JDBC Transaction Management
A transaction represents a group of SQL commands that run together as one complete operation. It must follow the ACID properties:
- Atomicity ensures that either all operations in a transaction finish successfully or none of them do.
- Consistency – database remains in a valid state
- Isolation – concurrent transactions don't interfere
- Durability – changes persist even after system failure
Default Auto-commit Behavior
JDBC executes SQL statements with immediate commit as its default behavior. This is controlled by:
connection.setAutoCommit(true); // Default
To manage transactions manually, disable auto-commit.

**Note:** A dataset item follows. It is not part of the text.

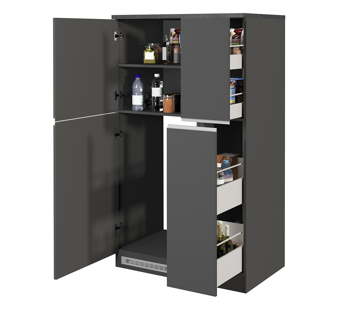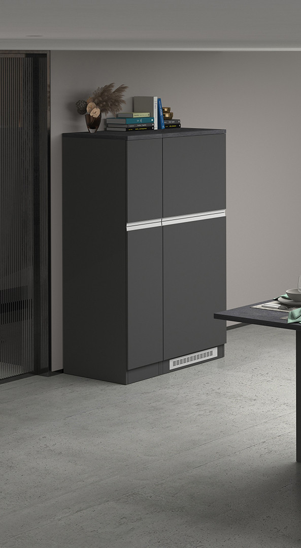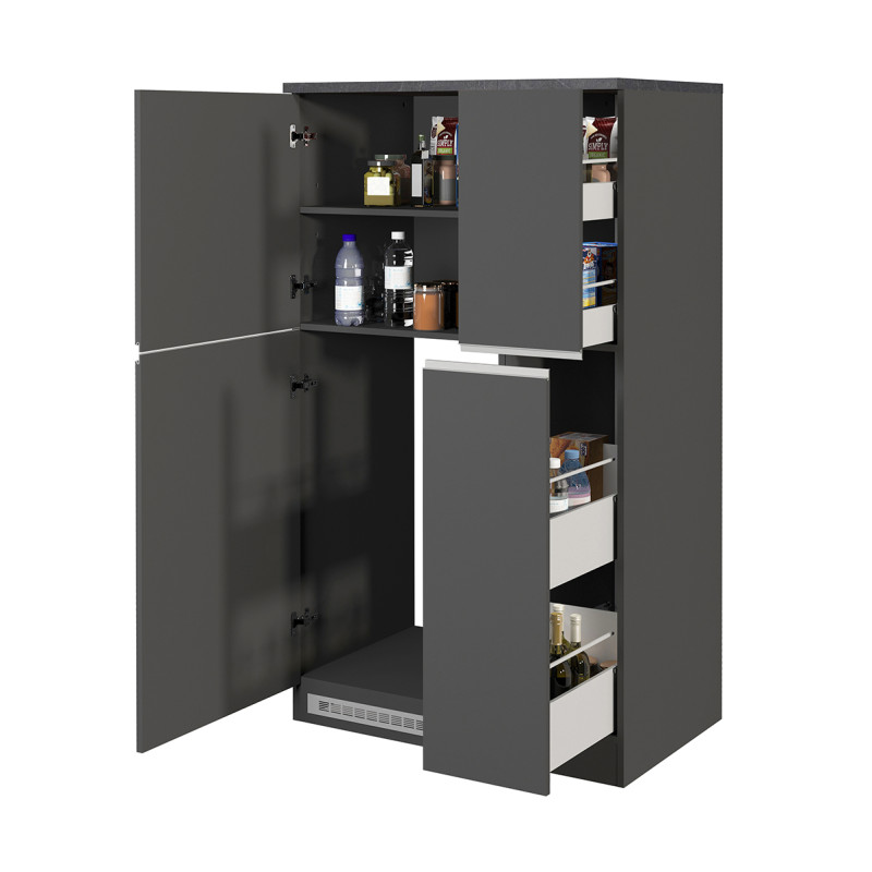 Que vous souhaitiez aménager une cuisine neuve ou optimiser une cuisine existante, ce meuble de rangement polyvalent répondra à vos besoins. Son coloris anthracite mat/béton s’accorde parfaitement avec les tendances actuelles du mobilier d’intérieur. Grâce à sa fabrication italienne, vous profitez d’un produit au design soigné et à la finition mélaminée résistante. Il est également couvert par une garantie de 2 ans pour une tranquillité d’esprit totale.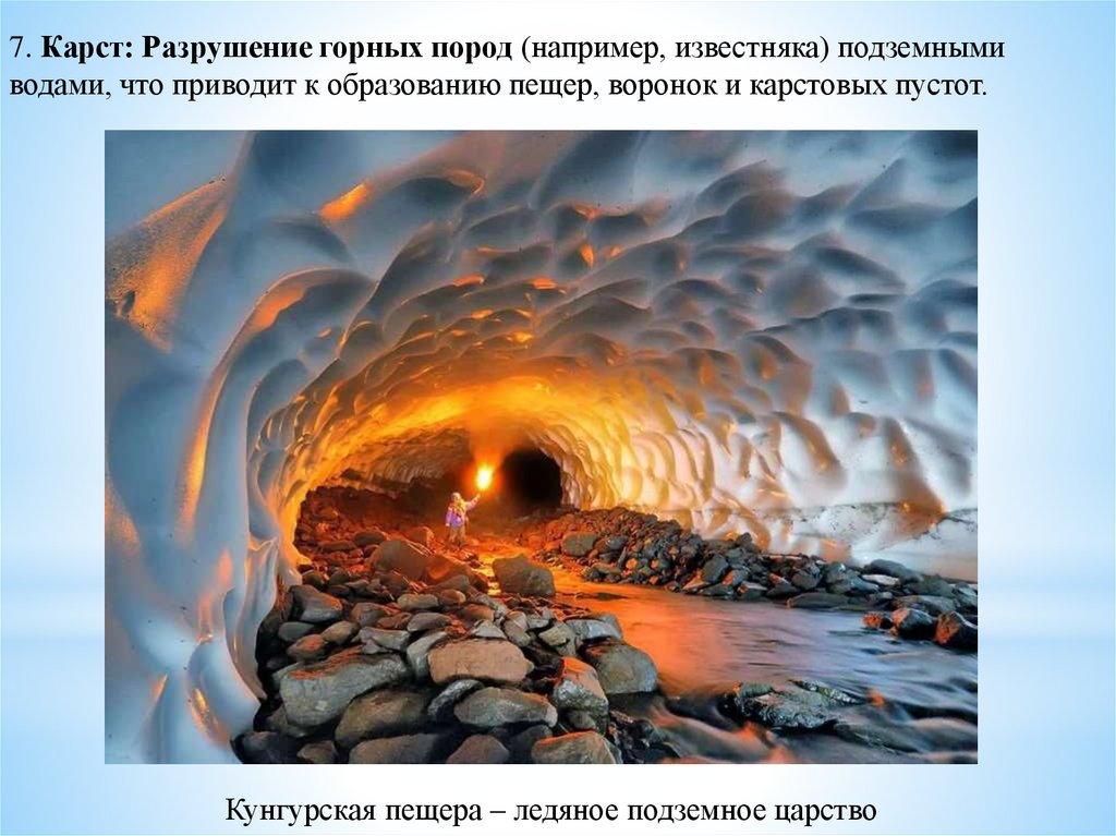7. Карст: Разрушение горных пород (например, известняка) подземнымиводами, что приводит к образованию пещер, воронок и карстовых пустот.

JDBC Transaction Management
Connection con = DriverManager.getConnection(...);
// Step 1: Disable auto-commit
con.setAutoCommit(false);
try {
// Step 2: Execute multiple SQL operations
Statement stmt = con.createStatement();
stmt.executeUpdate("UPDATE accounts SET balance = balance - 1000 WHERE id = 1");
stmt.executeUpdate("UPDATE accounts SET balance = balance + 1000 WHERE id = 2");
// Step 3: Commit transaction
con.commit();
} catch (SQLException e) {
// Step 4: Rollback on error
con.rollback();
e.printStackTrace();
} finally {
con.close();
}
Example
import java.sql.*;
public class TransactionExample {
public static void main(String[] args) {
try (Connection con = DriverManager.getConnection(
"jdbc:mysql://localhost:3306/bank", "root", "password")) {
con.setAutoCommit(false); // Begin transaction
try (PreparedStatement withdraw = con.prepareStatement(
"UPDATE accounts SET balance = balance - ? WHERE id = ?");
PreparedStatement deposit = con.prepareStatement(
"UPDATE accounts SET balance = balance + ? WHERE id = ?")) {
withdraw.setDouble(1, 1000);
withdraw.setInt(2, 1);
withdraw.executeUpdate();
deposit.setDouble(1, 1000);
deposit.setInt(2, 2);
deposit.executeUpdate();
con.commit(); // Commit if both succeed
System.out.println("Transaction committed.");
} catch (SQLException e) {
con.rollback(); // Rollback if any error occurs
System.out.println("Transaction rolled back.");
e.printStackTrace();
}
} catch (SQLException e) {
e.printStackTrace();
}
}
}
Note
- Always disable auto-commit before starting a transaction.
- Use commit() to persist changes.
- The rollback() method allows you to reverse changes if errors occur.
- Implement try-with-resources to ensure both connection and statement operations are handled safely.